Physicians and adult patients in Massachusetts.

MAIN MEASURES

Travel time from census block centroid to nearest physician address under two scenarios: patients can see (1) any physician or (2) only high-value physicians.

KEY RESULTS

Among the physicians, 768 (20.9%) primary care physicians (PCPs), 225 (26.6%) obstetricians/gynecologists, 69 (10.3%) cardiologists, and 31 (6.0%) general surgeons met the definition of high-value. Statewide mean travel times to the nearest PCP, obstetrician/gynecologist, cardiologist, or general surgeon under the two scenarios (any physician vs. only high-value physicians) were 2.8 vs. 4.8, 6.0 vs. 7.2, 7.0 vs. 12.4, and 6.6 vs. 14.8 minutes, respectively. Across the four specialties, between 89.4%–99.4% of the population lived within 30 minutes of the nearest high-value physician. Rural populations had considerably longer travel times to see high-value physicians, but other disadvantaged populations generally had shorter travel times than comparison groups.

CONCLUSIONS

Most patients in Massachusetts are likely to have reasonable geographic access to high-value physicians in tiered health plans.

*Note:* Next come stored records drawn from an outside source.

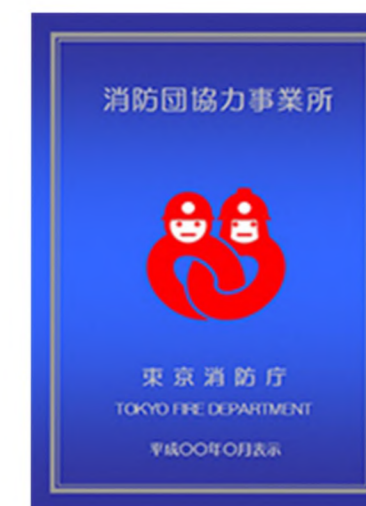
消防団協力事業所表示証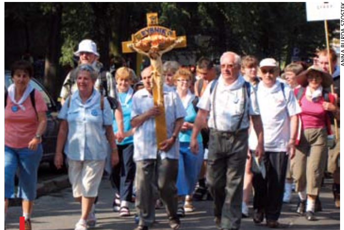
Pierwsza grupa pielgrzymów wyrusza na trasę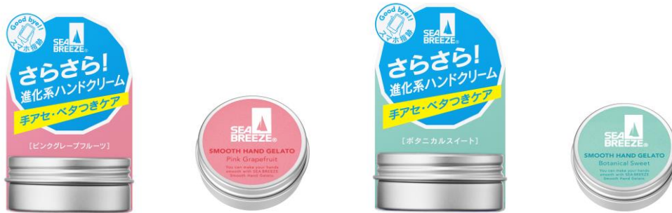
【シーブリーズ スmoothハンドジェラート】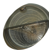
Ventilateur interne et panier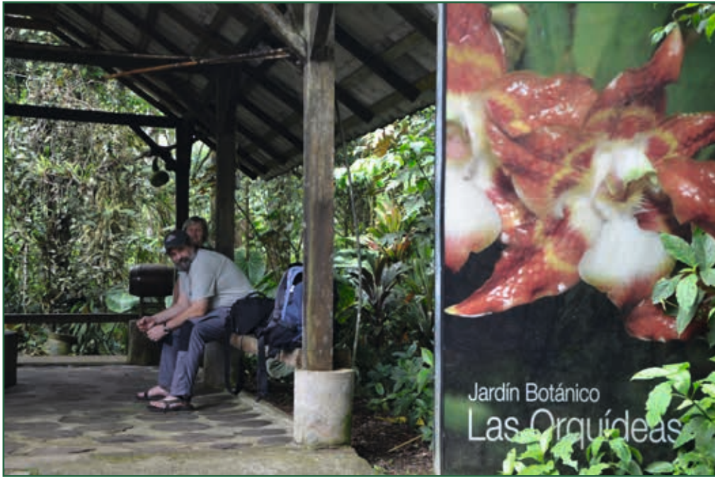
Eingangsbereich vom Botanischen Garten

Jardín de Orquídeas. Wahrscheinlich kennt jeder Taxifahrer dieses Ziel, und so haben wir keine Mühe, schnell ein Taxi zu bekommen, das uns für einen Dollar an unser Ziel bringt. Puyo ist eine mittelgroße unscheinbare Stadt ohne charakteristische Merkmale. Wir fahren zuerst in Richtung Macas nach Süden, dann am Stadtrand entlang durch die typischen Siedlungsbereiche aus kleinen Hütten und Bretterbuden, mit unbefestigten, schmutzigen Straßen und Herden von streunenden Hunden. An einer schmalen Straße setzt uns der Taxifahrer ab, kassiert seinen Dollar und weist uns den Weg, geradeaus etwa 800 Meter. Wir wandern also durch die Siedlung, begleitet von kläffenden Hunden und den neugierigen Blicken der Anwohner. Rechter Hand erstreckt sich ein unscheinbares Gelände, das von einem schiefen Drahtzaun eingefasst wird und die Blicke durch dichtes Gestrüpp abweist. Nach kurzer Zeit erreichen wir ein windschiefes, eisernes Eingangstor neben dem, zwischen einigen blühenden Exemplaren von Sobralia rosea , ein blaues Schild mit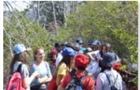
שבט פסגה 2014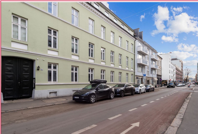
Fasade - leiligheten er ledig omgående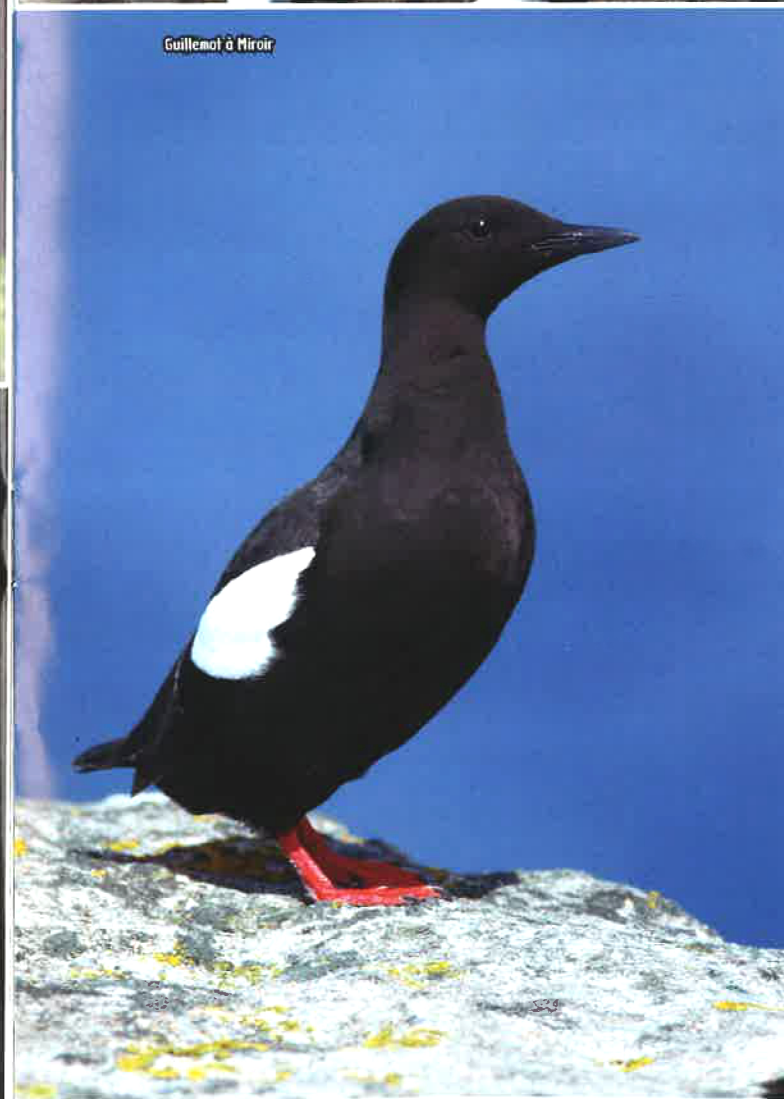
Guillemot à Miroir

However, local demographics, especially rural residence, should be taken into consideration when applying tiered health plans broadly. Future work should investigate whether patients can and will switch to receive care from high-value physicians.

KEY WORDS

access high value care disparities 

Notes

Acknowledgements

This work was supported by funding from RAND and the University of Pittsburgh School of Medicine. We also are grateful for the critical advice provided by John Adams and for programming support from Supriya Munshaw.

Conflict of Interest

None disclosed.

Supplementary material

11606_2010_1607_MOESM1_ESM.doc (2.3 mb)
Online Appendix (DOC 2332 kb)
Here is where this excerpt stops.